TPV: Parameter Perturbations Through the Lens of Test Prediction Variance
Pith reviewed 2026-05-21 16:53 UTC · model grok-4.3
The pith
Training-set sensitivity to parameter perturbations converges to the test-set value in overparameterized models, independent of generalization.
A machine-rendered reading of the paper's core claim, the machinery that carries it, and where it could break.
Core claim
The paper proves that training-set TPV converges to its test-set counterpart in the overparameterized limit, irrespective of generalization performance. This supplies the first demonstration that prediction variance under local parameter perturbations can be inferred from training inputs alone.
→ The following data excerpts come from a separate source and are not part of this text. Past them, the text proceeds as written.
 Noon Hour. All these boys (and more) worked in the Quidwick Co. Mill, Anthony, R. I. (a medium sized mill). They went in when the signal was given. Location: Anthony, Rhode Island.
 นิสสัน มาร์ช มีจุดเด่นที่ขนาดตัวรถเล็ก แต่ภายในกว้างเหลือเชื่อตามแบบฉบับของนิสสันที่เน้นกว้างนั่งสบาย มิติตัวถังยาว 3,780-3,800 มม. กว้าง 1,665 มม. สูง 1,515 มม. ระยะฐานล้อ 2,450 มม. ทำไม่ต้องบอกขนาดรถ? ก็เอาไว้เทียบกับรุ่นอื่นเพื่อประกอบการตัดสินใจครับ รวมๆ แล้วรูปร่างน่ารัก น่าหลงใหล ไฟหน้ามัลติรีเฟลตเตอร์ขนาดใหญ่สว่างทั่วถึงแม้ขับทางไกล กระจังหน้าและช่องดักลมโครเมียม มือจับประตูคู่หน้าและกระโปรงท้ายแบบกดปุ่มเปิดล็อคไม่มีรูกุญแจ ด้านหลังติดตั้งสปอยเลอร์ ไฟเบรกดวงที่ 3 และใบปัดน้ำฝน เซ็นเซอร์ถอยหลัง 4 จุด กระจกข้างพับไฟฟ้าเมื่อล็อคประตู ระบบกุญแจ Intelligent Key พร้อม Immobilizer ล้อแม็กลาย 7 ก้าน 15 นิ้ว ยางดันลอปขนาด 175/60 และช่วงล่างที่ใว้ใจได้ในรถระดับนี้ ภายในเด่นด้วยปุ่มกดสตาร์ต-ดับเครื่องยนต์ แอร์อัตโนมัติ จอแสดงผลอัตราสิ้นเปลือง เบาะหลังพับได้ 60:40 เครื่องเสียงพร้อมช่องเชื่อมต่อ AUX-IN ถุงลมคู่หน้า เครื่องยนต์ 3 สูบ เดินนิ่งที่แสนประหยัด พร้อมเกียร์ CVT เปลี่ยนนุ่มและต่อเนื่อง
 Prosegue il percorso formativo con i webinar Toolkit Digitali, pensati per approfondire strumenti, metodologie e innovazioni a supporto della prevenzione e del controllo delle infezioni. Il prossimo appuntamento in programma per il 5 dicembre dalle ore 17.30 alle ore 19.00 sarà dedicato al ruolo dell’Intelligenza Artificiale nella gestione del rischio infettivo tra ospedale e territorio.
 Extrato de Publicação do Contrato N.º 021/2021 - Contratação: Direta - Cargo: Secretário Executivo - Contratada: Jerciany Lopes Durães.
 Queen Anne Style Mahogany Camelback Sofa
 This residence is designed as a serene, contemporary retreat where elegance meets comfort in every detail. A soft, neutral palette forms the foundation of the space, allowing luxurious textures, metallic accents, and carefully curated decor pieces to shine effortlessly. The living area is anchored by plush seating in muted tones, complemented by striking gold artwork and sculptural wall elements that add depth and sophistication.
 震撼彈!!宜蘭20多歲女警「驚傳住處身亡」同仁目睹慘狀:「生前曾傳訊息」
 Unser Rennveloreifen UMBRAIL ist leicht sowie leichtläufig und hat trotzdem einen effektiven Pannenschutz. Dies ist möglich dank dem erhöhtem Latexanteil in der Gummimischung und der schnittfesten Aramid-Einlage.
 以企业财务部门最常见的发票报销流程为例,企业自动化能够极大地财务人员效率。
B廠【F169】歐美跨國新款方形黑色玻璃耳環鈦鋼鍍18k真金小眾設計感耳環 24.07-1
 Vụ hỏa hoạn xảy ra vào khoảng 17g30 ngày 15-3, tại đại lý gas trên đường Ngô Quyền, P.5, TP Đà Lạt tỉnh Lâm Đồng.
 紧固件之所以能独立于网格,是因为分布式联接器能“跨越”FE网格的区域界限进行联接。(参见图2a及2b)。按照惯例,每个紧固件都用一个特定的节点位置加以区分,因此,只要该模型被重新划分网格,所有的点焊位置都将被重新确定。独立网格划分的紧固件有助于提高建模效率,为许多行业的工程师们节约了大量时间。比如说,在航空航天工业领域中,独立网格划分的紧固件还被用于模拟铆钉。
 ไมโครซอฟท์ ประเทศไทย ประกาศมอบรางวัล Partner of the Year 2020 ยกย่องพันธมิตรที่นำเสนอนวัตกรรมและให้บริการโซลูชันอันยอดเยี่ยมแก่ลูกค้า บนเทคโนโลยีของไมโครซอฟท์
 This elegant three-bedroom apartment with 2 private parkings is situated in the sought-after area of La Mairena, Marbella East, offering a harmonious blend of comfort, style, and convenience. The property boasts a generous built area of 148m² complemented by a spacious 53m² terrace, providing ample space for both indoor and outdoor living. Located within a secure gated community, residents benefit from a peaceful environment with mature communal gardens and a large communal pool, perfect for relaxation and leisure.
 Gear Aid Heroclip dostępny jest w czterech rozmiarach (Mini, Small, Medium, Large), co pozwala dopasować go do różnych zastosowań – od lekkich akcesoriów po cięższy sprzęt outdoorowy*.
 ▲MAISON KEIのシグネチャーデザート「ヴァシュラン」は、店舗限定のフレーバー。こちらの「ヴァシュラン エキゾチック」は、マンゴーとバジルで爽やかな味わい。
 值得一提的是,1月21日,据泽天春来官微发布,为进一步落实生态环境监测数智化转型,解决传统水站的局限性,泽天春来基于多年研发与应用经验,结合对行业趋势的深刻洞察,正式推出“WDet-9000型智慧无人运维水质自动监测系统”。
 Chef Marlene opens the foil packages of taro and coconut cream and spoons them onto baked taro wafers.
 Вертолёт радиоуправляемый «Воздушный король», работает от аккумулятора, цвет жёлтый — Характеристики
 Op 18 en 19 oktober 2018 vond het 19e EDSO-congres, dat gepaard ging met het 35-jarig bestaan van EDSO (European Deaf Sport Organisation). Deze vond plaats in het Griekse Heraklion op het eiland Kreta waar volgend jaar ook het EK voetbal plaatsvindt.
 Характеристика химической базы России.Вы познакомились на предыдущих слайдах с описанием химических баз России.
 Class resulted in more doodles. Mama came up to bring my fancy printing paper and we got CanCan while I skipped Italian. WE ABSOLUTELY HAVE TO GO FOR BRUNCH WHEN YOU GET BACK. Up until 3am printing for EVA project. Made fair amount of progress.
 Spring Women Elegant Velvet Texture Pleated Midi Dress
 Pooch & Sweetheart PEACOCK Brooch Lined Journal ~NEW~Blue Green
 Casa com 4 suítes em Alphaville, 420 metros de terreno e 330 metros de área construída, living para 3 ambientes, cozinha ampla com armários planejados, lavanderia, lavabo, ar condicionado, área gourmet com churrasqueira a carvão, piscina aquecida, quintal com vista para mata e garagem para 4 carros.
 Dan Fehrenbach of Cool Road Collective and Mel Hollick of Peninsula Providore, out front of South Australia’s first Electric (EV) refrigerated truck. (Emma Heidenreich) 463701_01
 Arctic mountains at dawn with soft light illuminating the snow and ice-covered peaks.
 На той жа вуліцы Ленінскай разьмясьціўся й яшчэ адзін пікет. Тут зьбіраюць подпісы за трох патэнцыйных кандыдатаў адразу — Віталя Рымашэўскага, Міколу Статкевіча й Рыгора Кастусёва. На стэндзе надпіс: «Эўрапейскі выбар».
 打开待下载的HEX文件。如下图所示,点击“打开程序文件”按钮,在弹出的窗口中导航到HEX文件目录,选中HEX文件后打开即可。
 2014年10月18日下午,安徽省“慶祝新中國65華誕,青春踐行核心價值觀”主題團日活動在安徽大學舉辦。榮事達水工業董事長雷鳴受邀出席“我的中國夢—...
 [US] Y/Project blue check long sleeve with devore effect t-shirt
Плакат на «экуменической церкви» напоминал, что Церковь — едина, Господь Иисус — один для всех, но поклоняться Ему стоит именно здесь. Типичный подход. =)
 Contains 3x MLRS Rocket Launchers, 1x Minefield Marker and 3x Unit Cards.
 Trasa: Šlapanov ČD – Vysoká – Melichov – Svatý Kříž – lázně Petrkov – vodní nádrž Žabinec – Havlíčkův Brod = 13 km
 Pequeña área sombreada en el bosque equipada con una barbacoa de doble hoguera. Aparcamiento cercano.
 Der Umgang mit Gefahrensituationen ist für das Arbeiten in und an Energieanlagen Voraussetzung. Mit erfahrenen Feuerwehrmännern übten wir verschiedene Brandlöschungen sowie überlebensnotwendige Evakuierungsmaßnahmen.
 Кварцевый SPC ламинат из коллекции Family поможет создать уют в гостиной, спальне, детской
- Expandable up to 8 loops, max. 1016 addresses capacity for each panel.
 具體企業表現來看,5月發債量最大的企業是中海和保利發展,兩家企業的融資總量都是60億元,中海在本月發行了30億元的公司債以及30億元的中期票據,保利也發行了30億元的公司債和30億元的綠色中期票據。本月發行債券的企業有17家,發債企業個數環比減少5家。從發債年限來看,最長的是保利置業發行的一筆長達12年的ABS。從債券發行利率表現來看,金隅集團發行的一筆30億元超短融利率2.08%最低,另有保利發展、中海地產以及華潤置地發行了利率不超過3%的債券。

The trace form of TPV recovers the wide-minima hypothesis for SGD and quantization noise while producing a distinct Jacobian-spectral characterization for label noise that links to benign overfitting in nonlinear networks.
What carries the argument
Test prediction variance (TPV), the first-order sensitivity of trained model outputs to parameter perturbations, expressed in a trace form that isolates the Jacobian geometry of the trained model from the specific perturbation mechanism.
If this is right
- TPV recovers the wide-minima hypothesis for both SGD and quantization perturbations.
- Label-noise TPV yields a Jacobian-spectral view that connects to benign overfitting.
- A TPV-derived pruning criterion matches leading label-free baselines on standard tasks.
- Training-set TPV provides a usable signal for model selection in both in-distribution and transfer settings.
Where Pith is reading between the lines
- The observed stability at low widths suggests TPV could serve as a cheap diagnostic even when models are not extremely overparameterized.
- Because TPV separates geometry from perturbation type, the same machinery might apply to other post-training changes such as quantization-aware fine-tuning.
- The link to benign overfitting raises the possibility that TPV could flag regimes where overparameterized networks remain robust to label noise.
Load-bearing premise
The first-order Taylor approximation around the trained parameters suffices to capture the relevant robustness behavior for SGD noise, label noise, quantization, and pruning.
What would settle it
A concrete counter-example would be an overparameterized network on a standard image dataset where training-set TPV and test-set TPV differ by a large relative amount after training to convergence.
Figures
read the original abstract
We introduce test prediction variance (TPV)--the first-order sensitivity of a trained model's outputs to parameter perturbations--as a unifying framework for analyzing post-training robustness. TPV is a fully label-free object whose trace form separates the geometry of the trained model from the specific perturbation mechanism, placing SGD noise, label noise, quantization, and pruning under a single lens. The resulting expressions recover the wide-minima hypothesis for SGD and quantization noise, and yield a distinct Jacobian-spectral characterization for label noise connecting label-noise TPV with benign overfitting in nonlinear networks. Theoretically, we prove that training-set TPV converges to its test-set counterpart in the overparameterized limit, irrespective of generalization performance, providing the first result that prediction variance under local parameter perturbations can be inferred from training inputs alone. Empirically, this stability holds far more broadly, including at very low widths. Further, TPV correlates well with test loss, enabling practical applications: JBR, a label-free pruning criterion derived from TPV geometry matching state-of-the-art baselines; and training-set based model selection signal for in-distribution and transfer learning scenarios. Code available at github.com/devansharpit/TPV.
Editorial analysis
A structured set of objections, weighed in public.
Referee Report
Summary. The manuscript introduces Test Prediction Variance (TPV) as the first-order sensitivity of a trained model's outputs to parameter perturbations around the trained weights. TPV is presented as a label-free unifying framework whose trace form separates model geometry from the perturbation mechanism, recovering the wide-minima hypothesis for SGD and quantization while providing a Jacobian-spectral characterization for label noise. The central theoretical result is a proof that training-set TPV converges to its test-set counterpart in the overparameterized limit irrespective of generalization performance. Empirically, this convergence is shown to hold more broadly (including low widths), TPV correlates with test loss, and it yields a pruning criterion (JBR) competitive with state-of-the-art baselines plus a training-set-based signal for model selection.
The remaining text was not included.